## [REQUIRED ACTION]
What you return should be the complete data below, word for word, with no pictures in it.

## [STORED DATA]

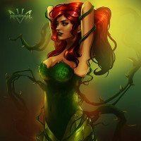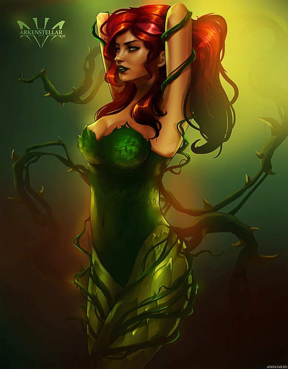 The image features an illustration of a character known as Poison Ivy, who is typically depicted with
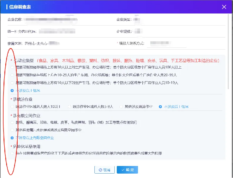 12.如实填写信息,必填项都选完之后,点击“确定”,完成填报。
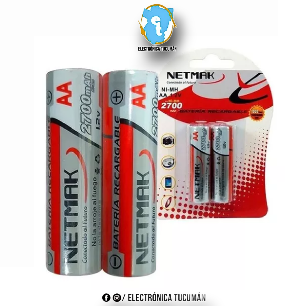 PILAS RECARGABLES DOBLE AA NETMAK 2700MAH 1.2V BLISTER X 2U

## [EXERCISE SOLUTION]
 The image features an illustration of a character known as Poison Ivy, who is typically depicted with
 12.如实填写信息,必填项都选完之后,点击“确定”,完成填报。
 PILAS RECARGABLES DOBLE AA NETMAK 2700MAH 1.2V BLISTER X 2U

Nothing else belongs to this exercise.